Frankie Goes to Hollywood were a phenomenon - a phenomenon that went beyond the music into the image, the sleeve notes, the videos, the T-shirts, the hype.
But here, in very minimal and somewhat naff packaging, all that is stripped away. All you get is the music. And the music is still very, very good.
Don't buy the single disc edition with just the 7-inch mixes. So much of the Frankie experience was in the inventive and often innovative remixes, so the second disc is pretty much essential. The meandering, thrusting 16 minute Relax that avoids any hint of the 7-inch mix, the apocalyptic Protect-and-Survive-sampling Two Tribes, the bizarre Nietzsche-quoting Welcome to the Pleasuredome. No one had ever done 12-inches like this before, and few would do with such impact again.

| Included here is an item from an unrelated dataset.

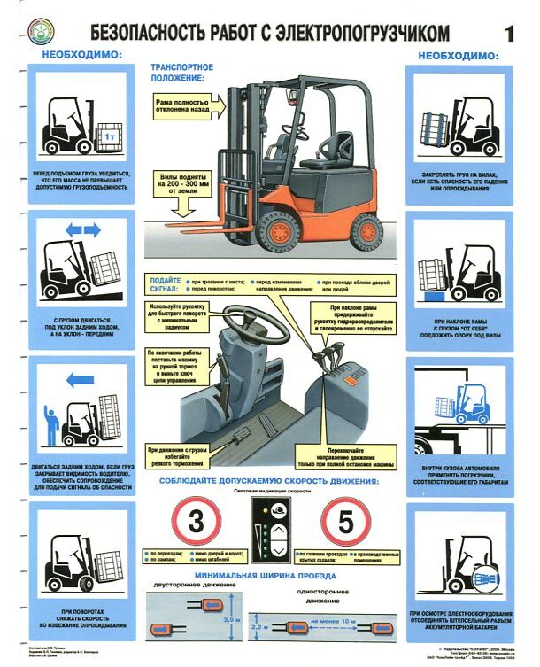 Комплект плакатов: Безопасность работ с электропогрузчиками, 2 листа, формат А2, ламинированные

There are two previously-unheard tracks: a pleasant but rather sugary orchestral take on album-track-no-one-remembers Is There Anybody Out There, and a rejected album track Our Silver Turns to Gold, in which Frankie prove that they could have sounded like every other early 80s band if they'd wanted to.
But they didn't. They had a unique sound, and a unique energy. And while this is far from the ultimate Frankie compilation, if you don't have a Frankie CD on your shelf, or you want to relive the sheer force and imagination of those classic 12-inchers, this is essential.